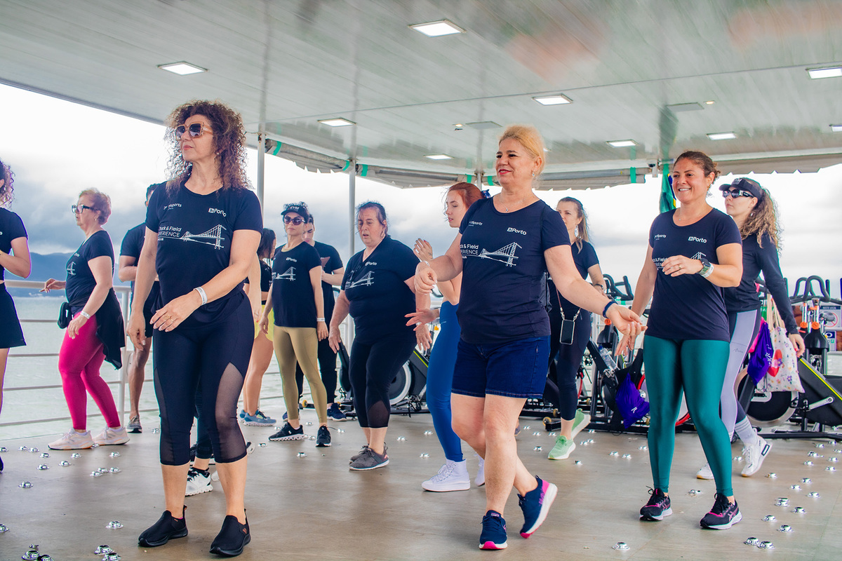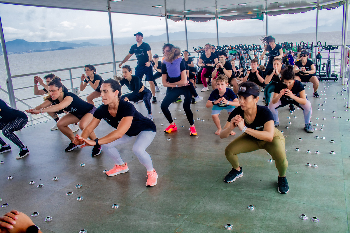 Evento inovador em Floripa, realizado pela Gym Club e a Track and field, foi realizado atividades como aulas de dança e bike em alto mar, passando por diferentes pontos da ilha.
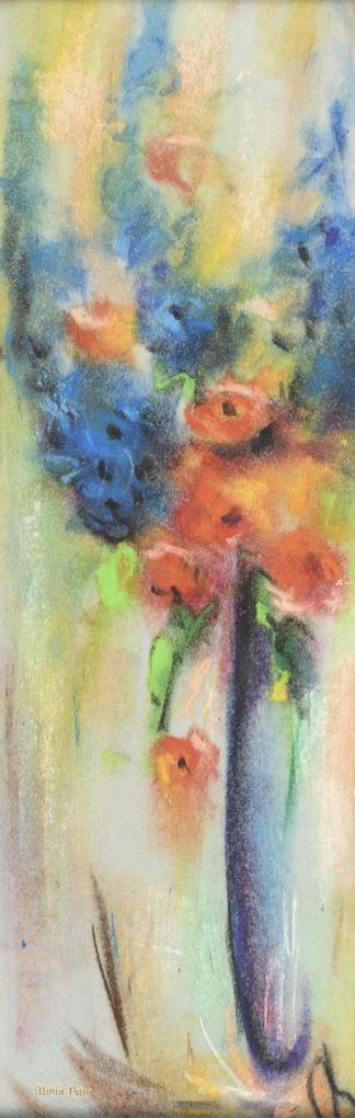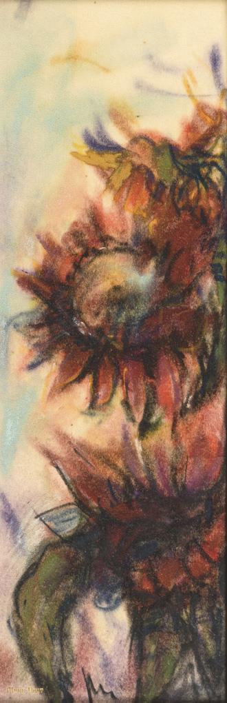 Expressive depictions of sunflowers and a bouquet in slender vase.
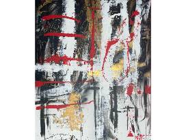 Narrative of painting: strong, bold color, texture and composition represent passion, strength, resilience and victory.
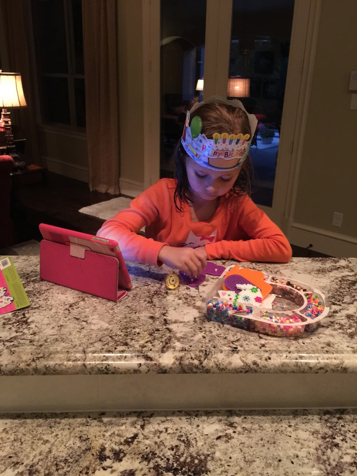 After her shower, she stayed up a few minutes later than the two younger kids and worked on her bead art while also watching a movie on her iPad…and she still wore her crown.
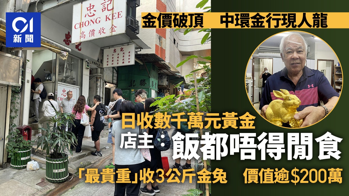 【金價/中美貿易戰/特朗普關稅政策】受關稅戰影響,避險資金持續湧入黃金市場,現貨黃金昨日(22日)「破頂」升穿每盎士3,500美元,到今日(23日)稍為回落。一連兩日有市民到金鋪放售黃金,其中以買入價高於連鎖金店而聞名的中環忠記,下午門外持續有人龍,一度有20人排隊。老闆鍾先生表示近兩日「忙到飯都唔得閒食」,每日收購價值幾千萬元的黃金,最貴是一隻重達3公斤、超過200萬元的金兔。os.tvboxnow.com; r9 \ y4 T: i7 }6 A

...

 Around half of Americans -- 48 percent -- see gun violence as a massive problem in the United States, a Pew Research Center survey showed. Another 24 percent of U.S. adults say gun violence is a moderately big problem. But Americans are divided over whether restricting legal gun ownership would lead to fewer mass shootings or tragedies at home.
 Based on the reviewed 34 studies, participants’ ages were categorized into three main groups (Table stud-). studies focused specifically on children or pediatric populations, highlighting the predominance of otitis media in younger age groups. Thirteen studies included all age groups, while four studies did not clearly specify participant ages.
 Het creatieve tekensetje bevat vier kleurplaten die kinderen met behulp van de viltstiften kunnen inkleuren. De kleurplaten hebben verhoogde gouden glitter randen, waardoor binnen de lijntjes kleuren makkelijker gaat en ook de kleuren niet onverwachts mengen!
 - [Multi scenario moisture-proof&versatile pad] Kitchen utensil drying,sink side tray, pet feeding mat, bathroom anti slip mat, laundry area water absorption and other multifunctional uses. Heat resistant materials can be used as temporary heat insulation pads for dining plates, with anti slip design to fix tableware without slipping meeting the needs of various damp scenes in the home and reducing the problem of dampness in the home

WHAT YOU ARE ASKED TO DO
Take every line above that includes "home" and list it.

WRITTEN ANSWER
 Around half of Americans -- 48 percent -- see gun violence as a massive problem in the United States, a Pew Research Center survey showed. Another 24 percent of U.S. adults say gun violence is a moderately big problem. But Americans are divided over whether restricting legal gun ownership would lead to fewer mass shootings or tragedies at home.
 - [Multi scenario moisture-proof&versatile pad] Kitchen utensil drying,sink side tray, pet feeding mat, bathroom anti slip mat, laundry area water absorption and other multifunctional uses. Heat resistant materials can be used as temporary heat insulation pads for dining plates, with anti slip design to fix tableware without slipping meeting the needs of various damp scenes in the home and reducing the problem of dampness in the home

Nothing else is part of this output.